Place the end parallel to the direction of travel of the flight
When accelerating the placement, the flat secondary coil is always
The flat secondary coil
The connection part that electrically connects with the corresponding stationary primary coil
Electromagnetic accelerators arranged so that the space between them is as small as possible . 2. The electromagnetic accelerator according to claim 1 , wherein the surface of the stationary primary coil is curved.

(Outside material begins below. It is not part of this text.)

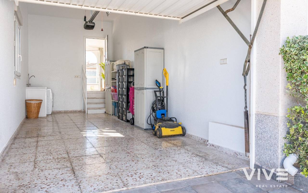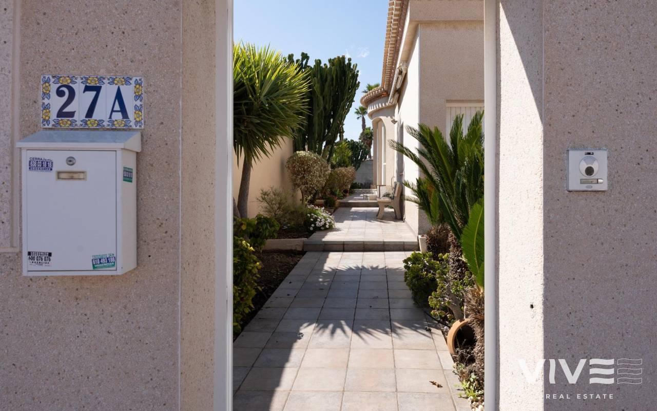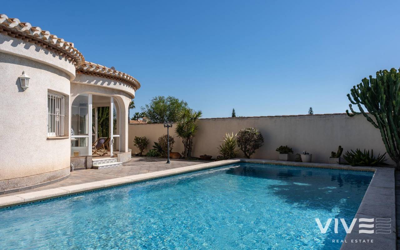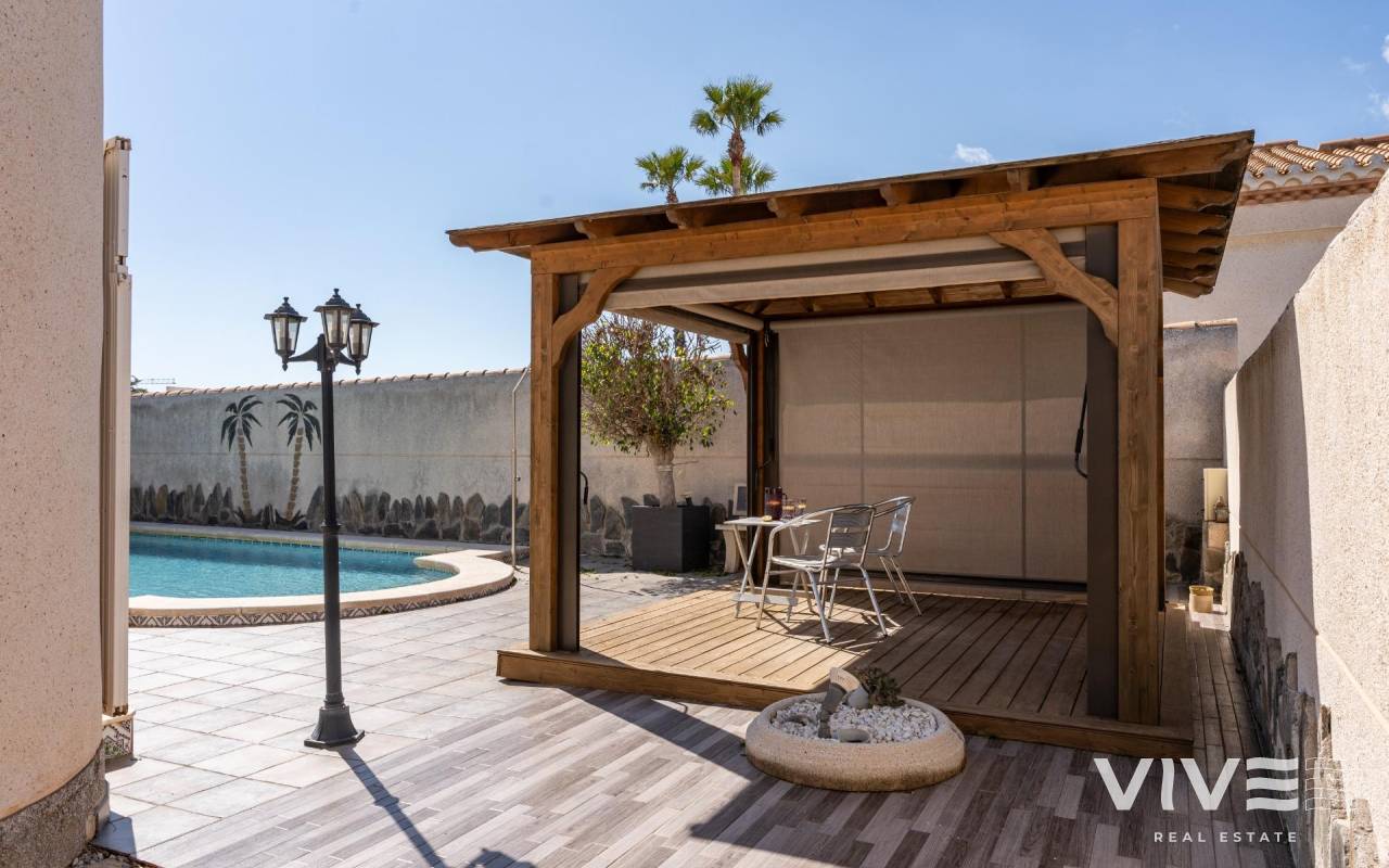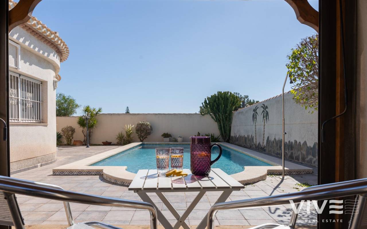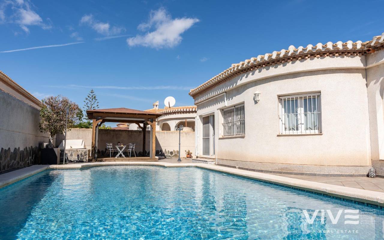 This detached villa, in perfect condition and superbly located in the heart of Playa Flamenca, is truly within walking distance of everything: supermarkets, municipal sports facilities, private sports centers, Zenia Boulevard shopping centre, public school, Town Hall, shops, medical services, and the beaches of Orihuela Costa.. . The Saturday market is located on the same street as the property, offering direct access so you can enjoy shopping for fresh fruit, vegetables, and traditional products, as well as the atmosphere of living in a small Spanish town.. . The plot size of this property is 525 m2, offering many possibilities to enjoy the outdoor space, including a pool area, barbecue, solarium, pergolas, and parking. It is also very easy to maintain, with terraces, artificial grass, and gravel areas designed to keep the garden and outdoor areas in perfect condition without requiring excessive work. There is also an exterior access storage room next to the barbecue and terrace area, allowing convenient use without needing to enter the house when enjoying the pool area.. . Parking is available within the plot itself, with automatic vehicle access gates and a private garage-storage area to keep your vehicle protected from the Alicante sun. The pool area is perfect for sunbathing in privacy, while the built-in barbecue and wooden pergola allow you to fully enjoy the potential of the plot thanks to its south-facing orientation, providing sunshine almost all day and natural light throughout the main living areas of the property.. . At the entrance of the house there is a glazed solarium terrace with a traditional Spanish tiled roof. In winter, when the sun is lower, it is perfect for enjoying the sun, while in summer, by opening the glass windows and benefiting from the shade of the roof, it becomes a cool and ventilated space ideal for reading or spending time with family in a covered semi-outdoor area.. . From this covered terrace with arches, there is access both to the garage area and to the house itself, making it especially convenient to bring shopping directly from the car into the home.. . Through the entrance hall you reach the living room, which features an electric fireplace and south-facing windows that provide excellent natural light and sunshine. From here you access the independent kitchen-dining area, separated by doors so you can cook without smells or smoke spreading to the rest of the house.. . The kitchen has patio doors leading directly to the pool and terrace area, making outdoor living very convenient. It is equipped with kitchen units and appliances.. . The house has three spacious bedrooms with built-in wardrobes, one bathroom with a walk-in shower, and another full en-suite bathroom in the master bedroom featuring a walk-in shower and a jacuzzi.. . In summary, this is a detached villa located in a central and very well-connected area, with excellent outdoor spaces for leisure and family enjoyment. The property is in perfect condition and ready to move into. A viewing is highly recommended to fully appreciate its excellent features.. . Price: €585,000. Taxes and purchase expenses not included (according to applicable regulations). A full breakdown of additional costs will be provided prior to reservation.. . In the case of a transaction with dual agency, the professional fees payable by the buyer will be 1.5% of the final purchase price, with a minimum of €3,000, plus VAT (21%), unless otherwise expressly agreed. These fees are not included in the advertised price.
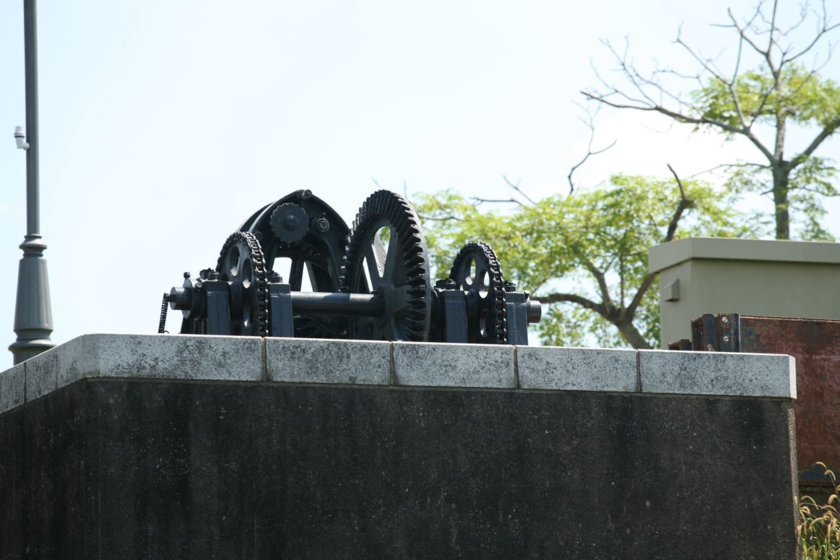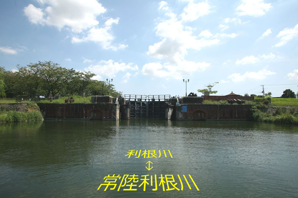 水路を行くのは初めてなので、閘門の中を行くのも初めて。ルートにはいろいろな閘門が組み込まれていたが、もっとも気になったのがこの横利根閘門だ。常陸利根川(北側)から利根川(南側)に向かって進む いや、この閘門が気になったのは、他の閘門と異なり、 (謎1)観音扉のゲートだったこと (謎2)通常、閘門を挟んでゲートは1組なのだが、それが2重、すなわち4つのゲートがあっていたこと (謎3)ゲートはそれぞれ対になり、菱形をしていたこと (謎4)それぞれのゲートの高さが異なること (謎5)ゲート先端に木材が打ち付けてあること というように、やたら特殊な感じがしたのだ。門扉がこちらに突き出しているのがわかるだろうか。 位置の紹介がてら、航空写真で見てみると、その意味がわかるだろう。 「2組の菱形」の存在がわかるだろうか。左上が常陸利根川方面、右下が利根川方面である。便宜上、左上常陸利根川方から「1番ゲート」「2番ゲート」…とする。 船を近づけ、1番ゲート開扉。 向かって右側の上にあるでかい歯車が動いている。 雨ざらしでこれが回っていることに感動する。注油も大変なんじゃないか。 ここが自動化されたのが何年、だとかいう記述をどこかで見たが、それまでは向かって左の歯車を手でキリキリ回していたのだろうか。 1番ゲート全開。 向こうに見える2番ゲートが、向こうに向かって突き出しているのがわかるだろうか。 進む。 2番ゲートの先端部(画面では右側)は木製である。これが謎だった(後述)。 また、画面右側に奥行きのある窪みはなんだろう。この下部から注排水するのではないかと思う(まったくの憶測です)。 ここで、4枚のゲートのうえ、2番・。3番、すなわち利根川方のゲートのほうが高さがあることに気づいた。 文字で書くとこんな感じ。 (利根川)≪> ≪>(常陸利根川)

Wherein at least one stationary primary coil comprises two or more layers, wherein at least one flat secondary coil comprises one or more layers, small distance between the layers is maintained Item 1. The electromagnetic acceleration device according to Item 1 . 4. The method of claim 1 in which at least one flat secondary coil is energized in advance when the flying device is stationary
The electromagnetic accelerator described in. 5. The electromagnetic accelerator according to claim 1, wherein at least one stationary primary coil is configured as a multi-conductor coil device. 6. The stationary coil device is a transfer device for the flying device.
The dynamic direction, comprises a plurality of stationary primary coil disposed along a stationary coil system, electromagnetic acceleration according to claim 1 for reducing hand as the number of turns of the stationary primary coil is advanced in the direction of movement of the flying device apparatus. 7. A flat coil electromagnetic accelerator for accelerating the object body, a guide means for guiding the object body to be accelerated at least first and second sides
A guide means for the purpose body so as to move between these side portions Te, first and respectively along physician to a second side of said guide means
While a least one primary coil means for have a first and second flat primary coils versus countercurrent placed together
First and second primary coil unit field formed <br/> extending between the sides of the guide hand stage is arranged movably between the first and second sides of the draft in the unit to have at least one flat secondary coil in contact with the object body to be accelerated 2 Tsugiko
In the flat coil electromagnetic accelerator apparatus and a secondary coil means for forming an acceleration force of the object body interacts with the magnetic field of the at least one primary coil means a yl means, the flat primary and secondary coils planes are parallel to each other in pairs in the direction of movement of the along the Hare object body in the guide means, the length and width of the flat primary and secondary coils are almost equal symmetrical configuration, respectively, each of the first and second The spacing between the flat primary coil and at least one flat secondary coil is accelerated
A flat coil electromagnetic accelerator that is small with respect to the transverse direction of the moving object.